We’ve been doing [it this way] for as long as I can remember—since I was here in 2004—and we continue to do it. We’re seeing kids on projects all the time with various casting directors. We’re doing our own searches. We keep our own charts of talent that we’re tracking, always. Even if we see them in their rawest form, [if] they’re just starting out but we see potential, we track them. When we see a role that they might be right for, we’ll reach out and ask them to self-tape. They don’t have to come to L.A. I always say, “You don’t make hasty decisions with your life,” but if there’s a role that’s right and you can self-tape, take it from there. [We’ve had] actors who maybe we’ve tracked for a couple of years or more, and finally they walk in the room and it happens: They book something! We always start with the people we’re already aware of, in addition to the new people we hope to find. And, of course, we’re always talking to agents about who they represent. We talk to them on a daily basis; they’re extremely valuable. We really appreciate our relationships with the agents and the managers out there who collaborate with us. It takes a village.
What can actors expect when auditioning for you and for a Disney Channel show?
They will have a very friendly, accessible room, because I think one of the most important attributes a casting director needs is a genuine, innate love of actors.

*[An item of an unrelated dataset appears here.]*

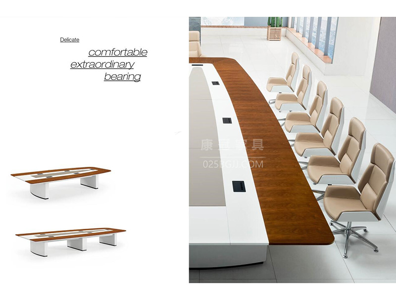 實木會議桌一體式矩形行政延續了該系列特征,既是電源滑蓋又是置物托盤,利用立體空間增加功能性;

We are their advocates. There’s nothing more important—whether it’s adults or children, but particularly with young talent—than them leaving that room feeling good, and that when they’re in the room, they feel like they can talk to people. I don’t ever want it to be uncomfortable. If they have questions, we say, “What do you need to know?” We encourage conversation. And always [say], “Thanks for coming in. Great job.” Everybody deserves that.
What advice do you like to give actors, especially young ones?
If you’re passionate and you want to try this, start small. Wherever you are, if you haven’t been in an acting class or you haven’t really had experience in your school’s drama department, I would encourage you to do that first and see if you love it as much as you think you’re going to. I think it’s very easy to watch television and see people and say, “Wow, I want to do that!” And yet, there’s no way for you to be aware of all that entails, for you and your family. I encourage kids and parents to start small, just like you would with anything—with sports, with music, all of that. Then, if you do it and you find that you really are competitive and you love it and this is your passion, there are easy ways to self-tape. Families don’t have to move right away. Experiment with that for a while. Maybe you get in a show where an agent sees you. Don’t feel like anything has to happen too fast. Make sure that it’s something you really love, love enough, knowing that you’ll be going to auditions after you finish school every day or maybe several days in a week, and that it’s fun. If you score something, you want to make sure that when you get there, when your dream comes true, that you’re equipped and that’s where you want to be, that you’re the happiest you can be.